Самолеты, или История Кота
Шрифт:
…
Глава 11. Матрица: Сдаться, чтобы победить.
— Никогда и ни за что.
Я скрестил руки на груди в знак того, что моё решение является окончательным и обжалованию не подлежит, однако маму это, кажется, не убедило.
С другой стороны, думал я, в нынешнем состоянии её вообще сложно в чём-либо убедить. Известие о смерти деда не просто выбило её из колеи — оно стало
Опоры нашего Дома рушатся одна за другой. Сначала Кот, теперь дед. И она это чувствует острее, чем кто-либо из нас, — кроме Сони, разве что, недаром они с мамой так похожи. Сонная ведь тоже сама не своя после того, как из «мастерской» вышла.

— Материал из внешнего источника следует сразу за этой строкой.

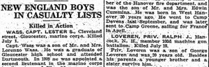 Notice from Boston Herald, Boston MA, 17 Aug 1918, page 3 that Private Ralph J. Loveren had been killed.

Впрочем, для меня это ничего не меняет. Я не могу уехать. Слишком поздно. Ещё вчера я бы, скорее всего, согласился. К тому же, деда я любил не меньше, чем остальные.
Но письмо Атаманова в одночасье изменило мою жизнь. Моя Цель близка как никогда — я это чувствую. Я не ошибаюсь. Не теперь.
Конечно, Проект, как я уже упоминал, структура самодостаточная. Если Кота обнаружат, ей уже не удастся уйти так просто. И всё же сам факт того, что её могут найти без меня, сводит меня с ума. Я должен быть здесь, возле «машин», я должен быть на связи. А дед всё равно уже умер. Ему уже безразлично, приеду я или нет. К счастью, я никогда не был подвержен религиозным заблуждениям. Человек либо жив, либо мёртв…
Да, конечно. Призрак Кота. Должен признать, это был существенный удар по моему материалистическому образу мысли. Однако это могло быть чем-то вроде галлюцинации, помрачения рассудка. В конце концов, вот уже семь лет Кот для меня не столько сестра, сколько idee fixe. А тут ещё Лохматый со своими выходками… Как знать, возможно я, почти как в песне «Наутилуса», сам придумал своего Кота.
Ведь может же такое случиться в нашем скорбном доме, верно?
О, я никогда не строил иллюзий относительно собственной «нормальности». Да бросьте, возможно ли оставаться нормальным, живя с безумцами? Ответ очевиден любому.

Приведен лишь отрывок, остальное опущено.